Irene had finally met who she thought was Mr. Right – if only he was not married. The situation was far from perfect.They both decided to enjoy life while they could, even if they were in limbo. They had a great time together until he was shipped out, first to San Diego, and then to Iwo Jima. He was in the 5th Division, which was the group that sustained the highest casualties of any Marine Division anywhere in WWII. Irene heard from him sporadically, but the last letter she received was in November 1944. She dreaded knowing what that meant, and even pulled some strings to see if she could get any kind of news of him, but to no avail.

Irene, The Woman Who Never Found Mr. Right,but Eventually Found Mr. Wrong

Finding the right guy for me gets harder & harder, guess that’s why I just stopped trying.

– Unknown

            Irene was born on August 17, 1912, in Philadelphia, on her parents’ wedding anniversary. Unlike Evelyn and Maria – the first two mothers – she was a big city girl. Like a lot of people from the northeastern part of the country, her family had deep Colonial American ancestry that stretched back to the 1600s, when Thomas Clifton emigrated from England to settle in Delaware. Also, unlike Ethel and Maria, her family had lived in either Philadelphia or nearby New Jersey for at least 100 years. Her family near in time were not adventurers as Ethel’s and Maria’s had been.

            Those early ancestors eventually made their way from Delaware to New Jersey, and then across the Delaware River to Philadelphia.  They included a Revolutionary War Patriot and some seafaring men, including Daniel Baker, who was a river pilot and has a shoal in the Delaware River named after him. 

            Irene had what to outside appearances seemed to be a good family life, with two loving older brothers, and a mother who adored her, since she was the only girl. Her father and both brothers were members of the Masonic Lodge, and she and her mother belonged to the Order of the Eastern Star, the women’s branch of the Masons. As a young girl, she dated young men who belonged to the DeMolay, the youth group of Freemasonry. But nothing clicked with any of them. She looked, but she never found Mr. Right in this group.

            Irene’s upbringing was very different than Ethel’s and Maria’s. She came from what was considered a “good” family. Class distinctions divided society then much more than they do now.  Her ancestors several generations back traveled in the right social circles, were written up in the New York Times, and although not rich, were far more financially comfortable than most people, especially Irene’s immediate family. Having Revolutionary War Patriots and leading citizens in your ancestry was important in Philadelphia, which was extremely class-conscious. Membership in the Masonic Order and the Eastern Star was part and parcel of this.

            The only fly in this idyllic ointment was that her father was an alcoholic. Worse, he was an ugly drunk. This led to some bad situations for Irene, especially when she had dates that came to her home to pick her up. Back then, this was the only way that nice girls dated young men. Her “Pappy” as she sometimes called him, would confront those young men, and in a slurred voice, demand to know what intentions they had regarding his little girl. She was mortified. The young men were scared off and horribly embarrassed. As a result, there were very few repeat dates.

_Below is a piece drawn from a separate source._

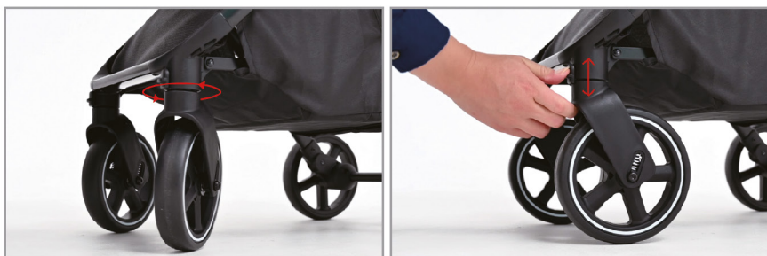
Переднее колесо поворачивается на 360 градусов для удобства использования, кнопка направления опускается для блокировки и поднимается для поворота в универсальное направление.

            Despite this, she loved her father dearly. She was his only daughter, and when he wasn’t drinking, he doted on her. But she couldn’t stand his binges. She was constantly tasked with dragging him out of the neighborhood Tap Room to bring him back home. As time went on, it began to get very old.

            She considered getting out, but, like Ethel and Maria, Irene’s family was affected by the Depression. She couldn’t bear to think about leaving her mother alone to deal with an alcoholic. Then her father lost his job as a printer, and began drinking more than ever. She dropped out of school after the 10th grade to get a job to support the family. Now she began to have some luck, although it wasn’t in the romance department. Because she was smart, she managed to land a job at a company called Sharp & Dohme – now Merck, one of the largest pharmaceutical companies in the world.